Esteem approved to treat sensorineural hearing loss
The U.S. Food and Drug Administration today announced the approval of the Esteem – an implanted hearing system used to treat moderate to severe sensorineural hearing loss, a type of permanent hearing loss.
Sensorineural hearing loss is usually caused by genetic factors or damage to the inner ear resulting from noise, viral infections, or aging. The results are reductions in perception of sounds and in the ability to understand speech.
This differs from conductive hearing loss, which occurs when sound waves cannot transmit well through the outer or middle ear or both. Medical or surgical treatment can often restore hearing in people with a conductive hearing loss, which can be caused by earwax, fluid in the middle ear space, or a punctured eardrum.
The Esteem system consists of external testing and programming instruments and three implantable components: a sound processor, sensor, and driver. The sensor senses vibrations from the eardrum and middle ear bones and converts these mechanical vibrations into electrical signals, which are then sent to the sound processor, which amplifies and filters the signal to compensate for the individual patient's hearing loss. The driver converts the enhanced electrical signal back to vibrations, which are then transmitted into the inner ear where they are perceived as sound.
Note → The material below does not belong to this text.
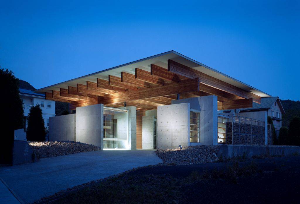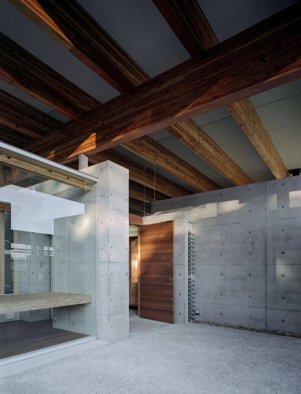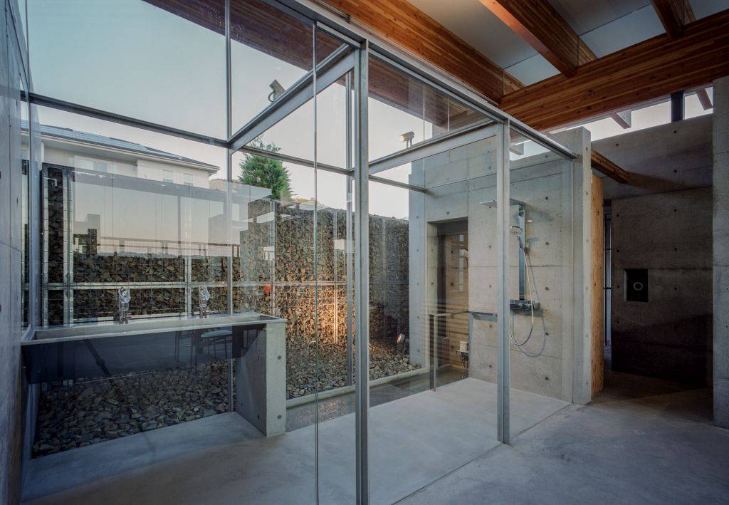 そこで、この住宅では、大屋根、大壁でざっくりと空間を分節し、その空間をガラス屋根や木造屋根、ガラス壁、木造壁、建具、ガビヨンなどのエンクロージャーで光や音、空気、動線、視線の透過と遮断をコントロールすることで居住する領域として成立させています。

"The approval of Esteem provides patients with an option to alleviate their hearing loss by using a device with no readily visible external components," said Jeffrey Shuren, M.D., J.D., director of the FDA's Center for Devices and Radiological Health.
The system is designed to alleviate the effects of hearing loss in patients ages 18 years and older. Other criteria for the device include: stable bilateral sensorineural hearing loss, a normally functioning Eustachian tube, and normal middle ear anatomy. A patient's ability to understand speech using Esteem should be similar to that of conventional hearing aids.
In a multicenter clinical study of Esteem versus pre-implant hearing aids, 93 percent of Esteem recipients scored equal to or better than their pre-implant hearing aids on a speech intelligibility test. Seven percent scored less than with their pre-implant hearing aids, and 56 percent scored better than with their pre-implant hearing aids.
Seven percent of participants experienced facial paralysis, and 42 percent experienced taste disturbance, both of which are results of the surgical procedure necessary to implant the device. The majority of these adverse events resolved during the one-year study period.
As a condition of FDA approval, Esteem manufacturer, Envoy Medical Corporation of St. Paul, Minn., must conduct two post-approval studies. In one study, Envoy must continue to follow-up on 61 subjects from the original study for five years to study safety and effectiveness. Another study of 120 newly enrolled subjects will include an evaluation of the incidence of facial paralysis at one month after implantation, and evaluate the effectiveness of Esteem five years after implantation.